An analysis that is both more appropriate to the research question and higher in statistical power is a three-dimensional contingency table analysis (Winer, 1971, p. 855-9). Such an analysis can utilize all the subjects and can test for effects of number of brands by choice, number of attributes by choice, and brands by attributes of choice. Table L reveals that this reanalysis of Jacoby's first experiment finds statistically significant effects of brands by choice and brands by attributes by choice. The exact hypotheses in these two exploratory studies were not stated. However, the implicit conclusion in the first experiment that chi square indicates that both the number of brands and the number of attributes are significantly related to best brand choice (p. 65) is misleading. Only the latter term is significant in the reanalysis of the data. Perhaps even more important is the fact that, contrary to Jacoby's less powerful statistical analysis, the re-anaLysis of the second experiment found statistically significant effects of both brands by choice and brands by attributes by choice along with large effect size than in the first experiment. From the previous discussion, remember that the statistical power of the published analysis of the second experiment is lower than the power of the first. This lower power may have misled the authors to conclude that there were no statistically significant effects. In the reanalysis in Table 1 the power to detect a medium (w - .30) effect is 76% for both experiments.

TABLE 1

THREE-DIMENSIONAL CONTINGENCY TABLE ANALYSES OF TWO INFORMATION LOAD EXPERIMENTS

HIGH STATISTICAL POWER AND EFFECT SIZE

Very high power highlights the important limitations of any statistical test of nonzero effects (see Meehl, 1967). Statistical significance for a given Type I error rate and effect size is merely a function of the sample size. An effect of even a very small size will almost certainly be statistically significant with a sufficiently large sample, but a relatively large effect may not be judged statistically significant with a small sample. Although statistical significance tests are necessary to protect against Type I errors, attained significance levels should never be regarded as a measure of the magnitude of an effect (Bakan, 1966). Instead, additional descriptive statistics about the extent and form of an effect should be reported. Although several researchers (e.g., Green, 1973; Rosekrans, 1969) have advocated the use of proportion of explained variance measures, the reporting of such measures is still not common with statistics other than regression/correlation analysis. The aim of these advocates is to turn the focus of attention away from statistical significance to effect magnitude--which, unlike the former, is not determined by sample size.
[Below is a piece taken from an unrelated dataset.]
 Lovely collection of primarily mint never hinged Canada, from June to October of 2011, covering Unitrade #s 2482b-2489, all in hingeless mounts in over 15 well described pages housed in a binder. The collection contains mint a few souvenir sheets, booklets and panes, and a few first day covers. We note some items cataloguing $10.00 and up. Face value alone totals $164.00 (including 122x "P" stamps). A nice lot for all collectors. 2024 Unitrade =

As Cohen (1977, p. 78) states in advocating the use of effect size estimates to complement traditional statistical significance tests' descriptions of a research study's effects, "the only difficulty arising from the use of PV (proportion of explained variance) measures lies in the fact that in many, perhaps most, of the areas of behavioral science, they turn out to be so small!" [Discussion about the problems of effects size estimates can be found in Sechrest and Yeaton (1981a,b), Latour (1981), and Sawyer and Ball (1981).]
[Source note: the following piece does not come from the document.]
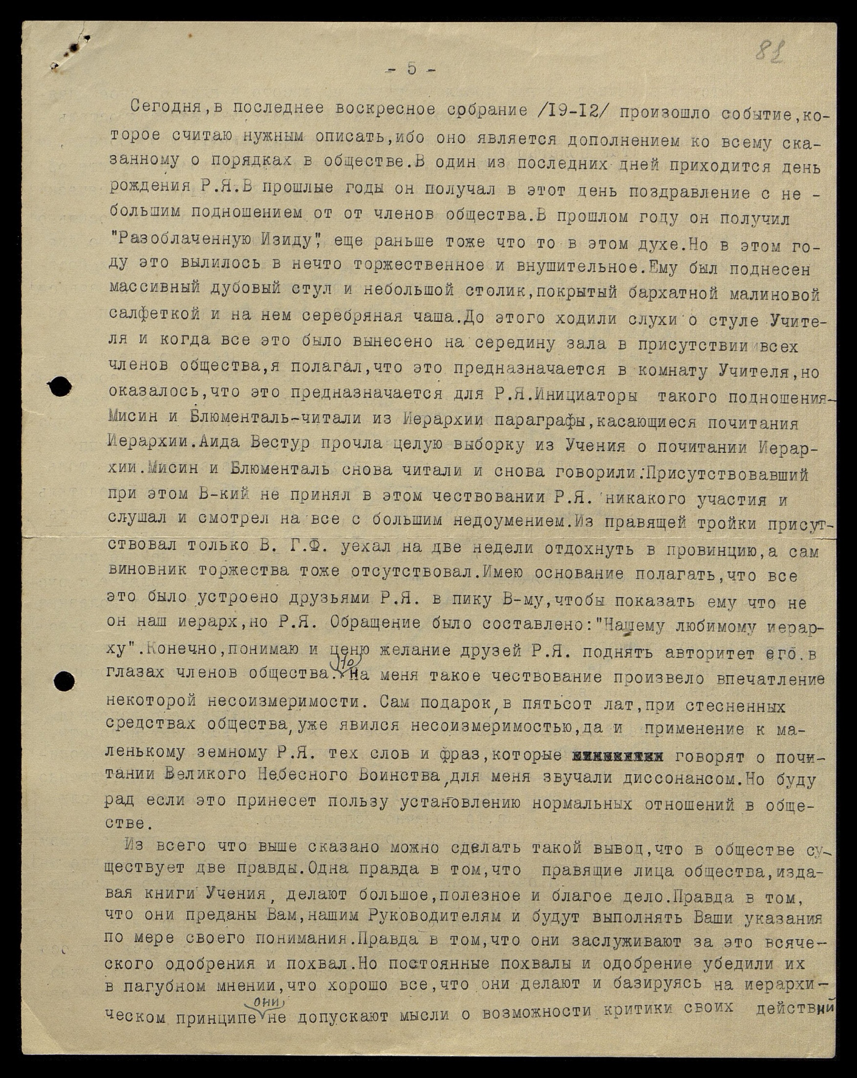 Сегодня, в последнее воскресное собрание (19-12) произошло событие, которое считаю нужным описать, ибо оно является дополнением ко всему сказанному о порядках в обществе. В один из последних дней приходится день рождения Рихарда Яковлевича. В прошлые годы он получал в этот день поздравление с небольшим подношением от членов общества. В прошлом году он получил "Разоблачённую Изиду", еще раньше тоже что-то в этом духе. Но в этом году это вылилось в нечто торжественное и внушительное. Ему был поднесен массивный дубовый стул и небольшой столик, покрытый бархатной малиновой салфеткой и на нем серебряная чаша. До этого ходили слухи о стуле Учителя и когда все это было вынесено на середину зала в присутствии всех членов общества, я полагал, что это предназначается в комнату Учителя, но оказалось, что это предназначается для Рихарда Яковлевича. Инициаторы такого подношения - Мисин и Блюменталь - читали из Иерархии параграфы, касающиеся почитания Иерархии. Аида Вестур прочла целую выборку из Учения о почитании Иерархии. Мисин и Блюменталь снова читали и снова говорили. Присутствовавший при этом Волковский не принял в этом чествовании Рихарда Яковлевича никакого участия и слушал, и смотрел на все с большим недоумением. Из правящей тройки присутствовал только Волковский. Гаральд Феликсович уехал на две недели отдохнуть в провинцию, а сам виновник торжества тоже отсутствовал. Имею основание полагать, что все это было устроено друзьями Рихарда Яковлевича в пику Волковскому, чтобы показать ему, что не он наш иерарх, но Рихард Яковлевич. Обращение было составлено: "Нашему любимому иерарху". Конечно, понимаю и ценю желание друзей Рихарда Яковлевича поднять авторитет его в глазах членов общества. Но на меня такое чествование произвело впечатление некоторой несоизмеримости. Сам подарок в пятьсот лат при стеснённых средствах общества, уже явился несоизмеримостью, да и применение к маленькому земному Рихарду Яковлевичу тех слов и фраз, которые говорят о почитании Великого Небесного Воинства, для меня звучали диссонансом. Но буду рад, если это принесёт пользу установлению нормальных отношений в обществе.

Some researchers are appropriately using proportion of explained variance measures such as w2 in nonregression studies. For example, Belk (1974) and Lutz and Kakkar (1975) used very powerful within-subject analysis of variance designs to study situational effects. The former study analyzed 10,000 observations and the latter had 3150. Because power to detect even small main effects was no lower than 98%, statistical significance tests were of minor interest and the major focus was the size of the independent variables' proportion of explained variance as measured by W2.

Golden's (1979) study of comparative advertising illustrates how a reliance on statistical significance and failure to report effect size might be misleading. An admirable improvement of her design over past studies of comparative advertising was the greater statistical power. The use of 594 subjects and an analysis of covariance which controlled for the effects of brand loyalty led to power much higher than that in most consumer research experiments. The power to detect even a small (f=.10) effect ranged from 40% to 67% (depending on the number of degrees of freedom in the numerator of the particular F-test). This high power undoubtedly helped Golden to find six of 7; tested effects significant at p < .05. The primary findings of Golden's research might have been that, given the high power, there were few statistically significant effects and--more that the few significant effects were so small. However, Golden did not report the size of statistically significant effects. Measurement and reporting of effect size would have enabled a reader to understand that the only significant analysis of variance term involving comparative advertising (the interactive effect of comparative ad by copy theme on purchase intention) explained only 0.7% of the total variance.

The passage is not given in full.